Perché un gesuita rimane gesuita anche da papa?
Proponiamo ai nostri lettori la traduzione di un articolo del giornalista americano Dominic Lynch scritto nel dicembre del 2016, quando la discussione nata dal fatto che papa Francesco si rifiutò di rispondere ai cinque dubia dei quattro cardinali sull’Amoris Laetitia era ancora, diciamo, calda. L’articolo è molto attuale non solo per il motivo che sono passati appena due anni e non c’è stata ancora nessuna risposta, ma anche perché l’autore spiega la ragione dell’atteggiamento eterodosso dell’attuale Vescovo di Roma: l’essere gesuita.
Quando il Newsweek domandò se papa Francesco fosse cattolico, ci fu chi rispose: No, è gesuita. Non condividiamo tutte le osservazioni di questo giornalista, ma la sua analisi sul pontificato del primo gesuita diventato papa è assolutamente indovinata. Ciò che dovrebbe sorprendere di un gesuita – sostiene Dominic Lynch – non è l’eterodossia, bensì l’ortodossia. Per cui noi ci auguriamo – e preghiamo – che papa Francesco ci sorprenda, prima o poi, difendendo l’ortodossia. In fondo, finché c’è vita, c’è speranza…
Papa Francesco sorprenderebbe meno se tutti ricordassero che è un gesuita
L’eterodossia di Francesco non avrebbe dovuto sorprendere. È un gesuita tinto di lana che è diventato maggiorenne nel mondo post-Vaticano II.
di Dominic Lynch (The Federalist, 22-12-2016)
In un recente numero del New York Times, il giornalista cattolico conservatore Ross Douthat ha pubblicato un articolo in cui esprime la propria frustrazione nei confronti di Papa Francesco, in particolare per il suo rifiuto di chiarire alcune difficili questioni morali sollevate dalla sua esortazione pastorale Amoris Laetitia.
«La logica di “Roma locuta, causa finita est” è troppo radicato nelle strutture del Cattolicesimo per consentire tutto, tranne un temporaneo decentramento dottrinale», scrive Douthat. «Finché il papa rimane il papa, qualsiasi grande controversia inevitabilmente ritornerà in Vaticano».
In altre parole, Francesco dovrà rispondere alle domande dei suoi critici prima o poi. E nel frattempo interviene uno stallo frustrante tra vescovi liberali e conservatori, incapsulato nella lettera dei dubiascritta da quattro cardinali a settembre. Quel documento pose al Papa cinque domande sugli aspetti confusi della sua originale lettera pastorale.

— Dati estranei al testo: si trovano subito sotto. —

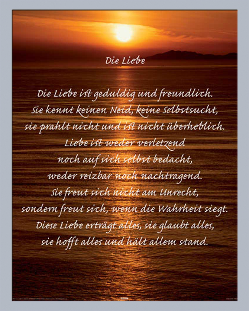 Und wer da liebt den, der ihn geboren hat, der liebt auch den, der von ihm geboren ist.… hope. Korinther, 15, 3 und sie erschraken und schlugen ihre. 1 wenn ich in den sprachen der menschen und engel redete, / hätte aber die liebe nicht, / wäre ich dröhnendes erz oder eine lärmende pauke. Sie hofft alles und hält allem stand. 2 und wenn ich prophetisch reden könnte und.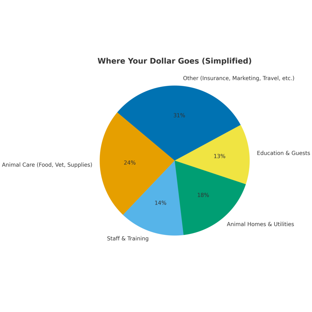 Every single dollar is stretched to meet the daily needs of more than 40 animals in our care. Hereās how it breaks down:

I dubia, naturalmente, furono accolti con gioia dai cattolici conservatori e condannati — a volte con un linguaggio scioccante — dall’ala più liberale della Chiesa. Papa Francesco si è rifiutato di rispondere alle domande poste dalla lettera, arrivando addirittura a cancellare un incontro con un certo numero di cardinali a Roma, dove probabilmente si sarebbe dovuto confrontare con essi.
La vaghezza del Papa è esasperante per i conservatori, a cui devo chiedere: che cosa vi aspettavate? Pur essendo diventato pontefice, Francesco è rimasto un gesuita. Per coloro che non hanno familiarità con i gesuiti, sappiano che la dottrina vaga e porosa è quasi la loro ragion d’essere. Infatti, questa ragion d’essere è così radicata nell’Ordine che rende più facile trovare un liberal nel Texas occidentale che un gesuita conservatore.
UN GESUITA RIMANE GESUITA ANCHE SE DIVENTA PAPA
Quando Francesco è stato eletto papa nel 2013, i cattolici di base non erano sicuri di cosa aspettarsi. Benedetto XVI, che ha preceduto Francesco, era prevedibile perché era conosciuto come intellettuale e come un “mastino”, un “peso massimo” nella difesa dell’insegnamento ufficiale della Chiesa. Ratzinger era l’incarnazione del gioco (o forse, della preghiera) delle regole. Quando fu eletto, la gente sapeva cosa stava per succedere: molta ortodossia. Ormai, la sua eredità pontificia sta iniziando a definirsi, in parte anche dai suoi contributi all’ala tradizionalista conservatrice della Chiesa ― il più importante è stato il motu proprio del 2007 Sommorum Pontificum, con cui ha voluto dare legittimità alla Messa in latino come a quella in volgare.
Francesco ha dimostrato di essere molto diverso dal suo predecessore, il che è ancora più interessante dal fatto che Benedetto XVI è vivo e vegeto, e abita a pochissimi chilometri dall’attuale Pontefice. Coloro che sperano in una continuità senza interruzione tra Benedetto e Francesco — alimentati dalle notizie di incontri tra il Papa e il Papa emerito — finora sono rimasti fortemente delusi.
La seconda enciclica di Francesco — la prima era essenzialmente un progetto congiunto tra Benedetto e Francesco — ha mostrato la direzione che avrebbe preso il suo pontificato. La Laudato Si’ è stata scritta interamente da Francesco e si concentra su temi ambientali, consumismo e capitalismo, e altri temi simili. The Federalist ha organizzato un simposio al riguardo. Il verdetto? Bah!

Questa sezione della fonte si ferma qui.